This is unmistakably the world of the “data scientist” and the “analytics guru”!
As growth of data outpaces our ability to process and even understand it in its totality, newer technologies and roles are emerging for handling the challenges posed by “big data”. More and more Retail, Financial, Insurance and Social media giants are treating data and business analytics as a computational science. More and more emphasis is on “in-memory” applications, private and public data clouds, and lots of innovation around big data and low-latency, real-time analytics.
For instance, consider these emerging BI scenarios:
- Retailers are increasingly focusing on “just-in-time” Business Intelligence.
- Huge numbers of corporations use Big Data technologies such as Hadoop and cloud computing to analyze massive amounts of application and transactional data.
- Emergence of public and private data cloud start-ups capable of handling petascale problems is defining the new BI world.
- It is amazing how data growth these days is being talked about more and more in terms of Petabytes, Exabytes, and Geopbytes!
Tremendous scale of innovation is taking place around next generation DW, in-memory analytics, and cloud computing.
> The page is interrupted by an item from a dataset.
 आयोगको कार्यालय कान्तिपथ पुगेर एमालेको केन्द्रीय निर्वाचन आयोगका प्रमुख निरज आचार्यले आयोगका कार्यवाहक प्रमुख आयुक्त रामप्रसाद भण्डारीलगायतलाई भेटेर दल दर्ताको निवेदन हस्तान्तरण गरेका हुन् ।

Therefore, if you have not heard of these new technologies – Data Appliances (SAP HANA), Hadoop, Cloud Databases– then it’s time to play catch-up. These all represent the next Generation in Data and Business Intelligence!
Some of the increasingly popular names in the Big Data space are:
SAP HANA: “This data appliance enables organizations to analyze business operations – based on large volumes of transactional and analytical data – and to instantly explore and analyze the data from virtually any data source in real time.” Data is primarily captured “in memory” as business unfolds, and flexible views expose analytic information rapidly.
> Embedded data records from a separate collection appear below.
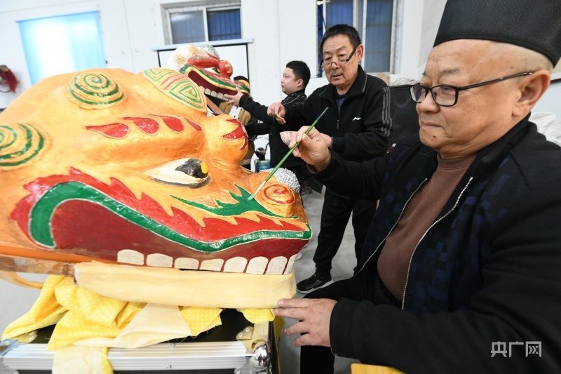 老艺人为狮子头做彩绘(央广网发 梁照曾 摄)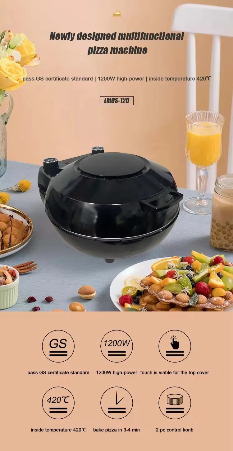 Diseño compacto de encimera de 12 pulgadas: Se adapta perfectamente a cualquier encimera de cocina, mesa o espacio pequeño. A pesar de su pequeño tamaño, hornea una generosa pizza de 12 pulgadas, ideal para servir a 2 o 3 personas o preparar una comida gourmet personal.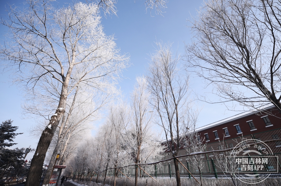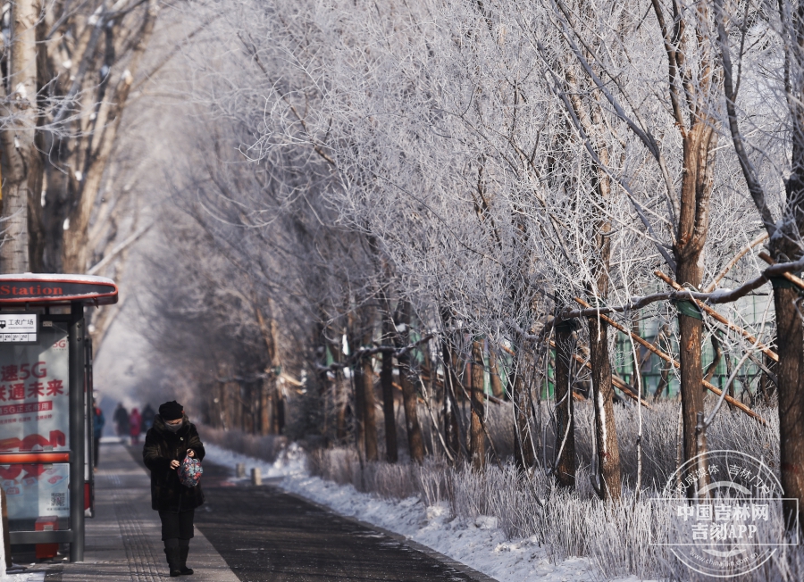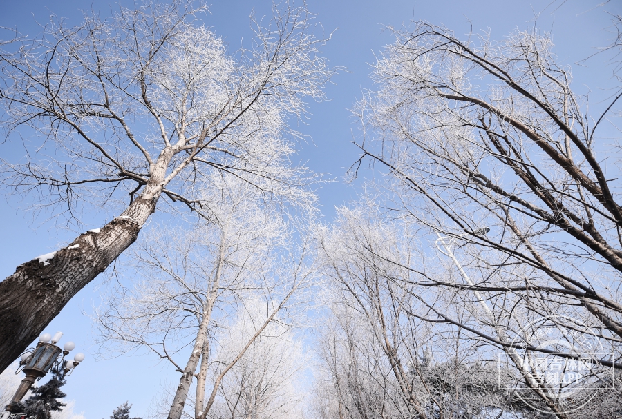 12月24日清晨,吉林长春,在上班的路上,长春市民惊喜地发现,街头出现了雾凇景观,雾凇在阳光的映衬下,晶莹剔透,美不胜收,让人体会到“忽如一夜春风来,千树万树梨花开”的唯美意境。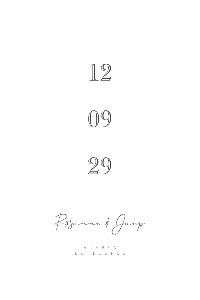 Deze ovalen trouwkaart met de datum groot op de voorkant van de kaart in minimalistische stijl kun je zelf aanpassen naar wens en smaak.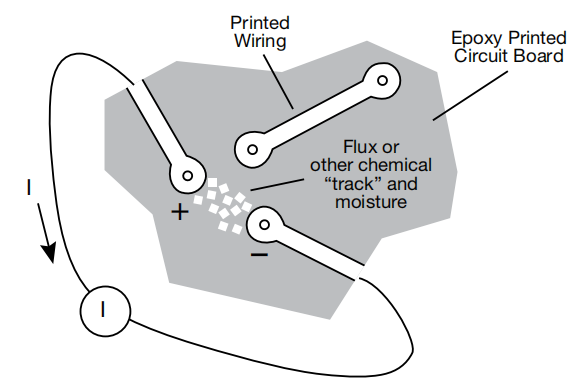高湿度或离子污染可显著降低测试夹具的绝缘电阻。高湿度条件下会发生冷凝或吸水,而离子污染可能是人体油脂、盐或焊料助焊剂的结果。绝缘电阻的降低会对高阻抗测量产生严重的影响。此外,湿度或湿气可以与任何污染物结合,产生电化学效应,从而产生偏置电流。例如,常用的环氧印刷电路板,当蚀刻液、助熔剂或其他污染物未被彻底清洗时,可在导体之间产生几nA的电流(见图17)。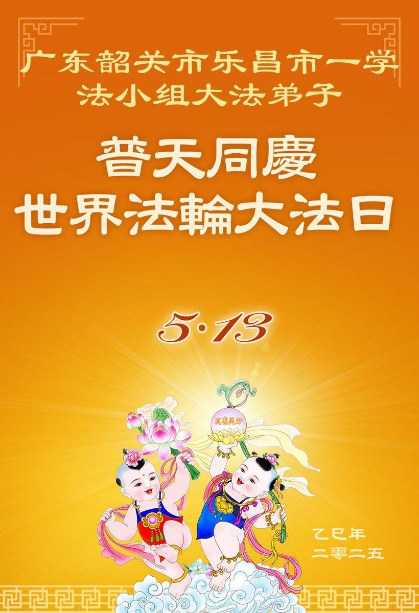 廣東韶關市樂昌市一學法小組大法弟子慶祝世界法輪大法日!恭祝慈悲偉大的師父生日快樂!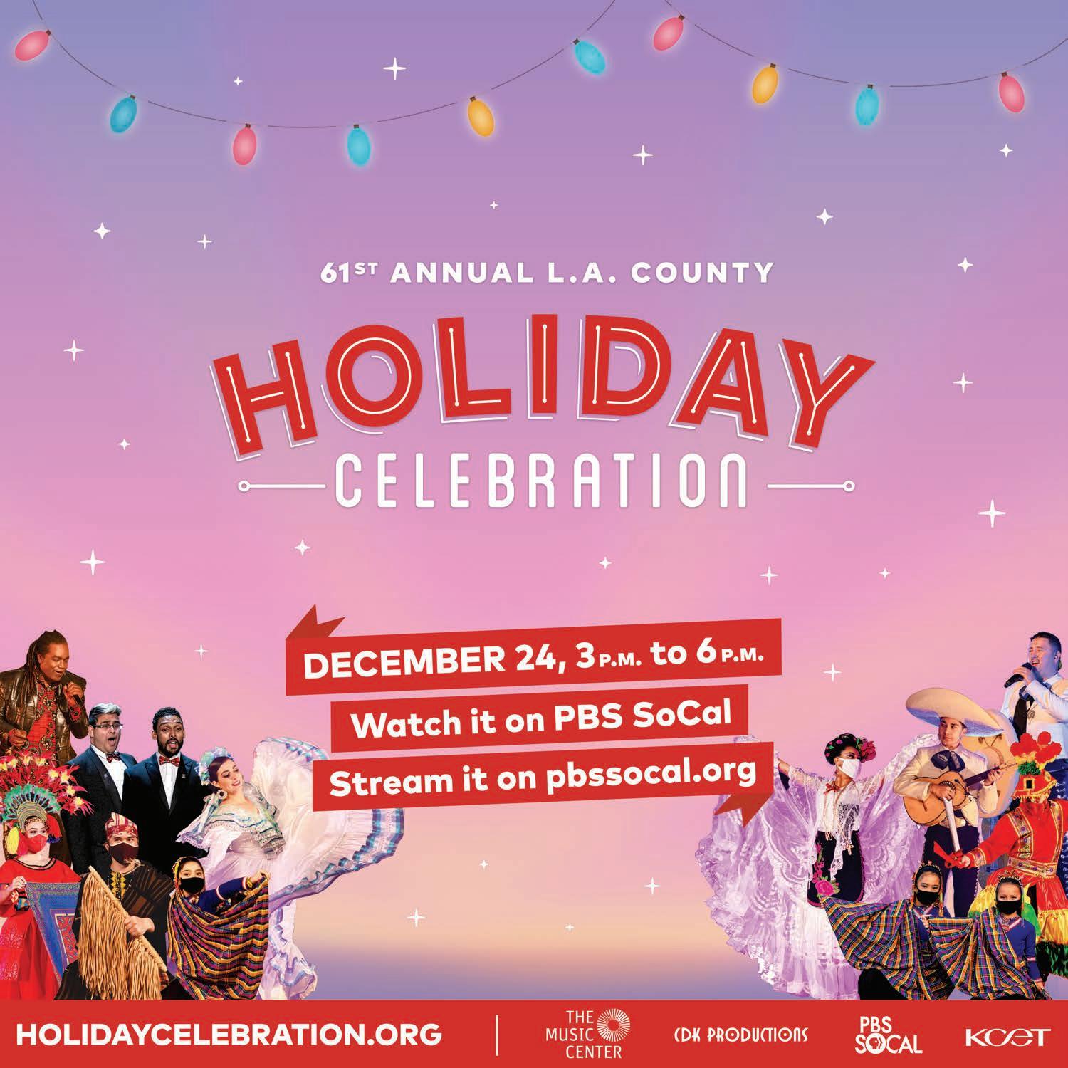 The 61st Annual L.A. County Holiday Celebration was filmed on location, at both The Music Center’s Dorothy Chandler Pavilion and Jerry Moss Plaza, as well as other sites around Los Angeles County, including the Korean Bell of Friendship in San Pedro and Angel’s Point in Elysian Park. A production of The Music Center and PBS SoCal, in association with CDK Productions, the Emmy Award-winning holiday show features choirs, music ensembles and dance companies that represent the many cultures of Los Angeles. To further highlight the county’s rich creative diversity, the broadcast also includes five mini-documentaries, profiling artists from different neighborhoods, and special performances on location at key local landmarks.

Hadoop: Designed to process terabytes and even petabytes of unstructured and structured data. It breaks large workloads into smaller data blocks that are distributed across a cluster of commodity hardware for faster processing.
Columnar Databases: Columnar querying brings about performance efficiencies, and is unmatched by any row-oriented DB.
The companies to watch out for in this space are SAP, HP, Teradata, IBM, Splunk and Nothscale, just to name a few.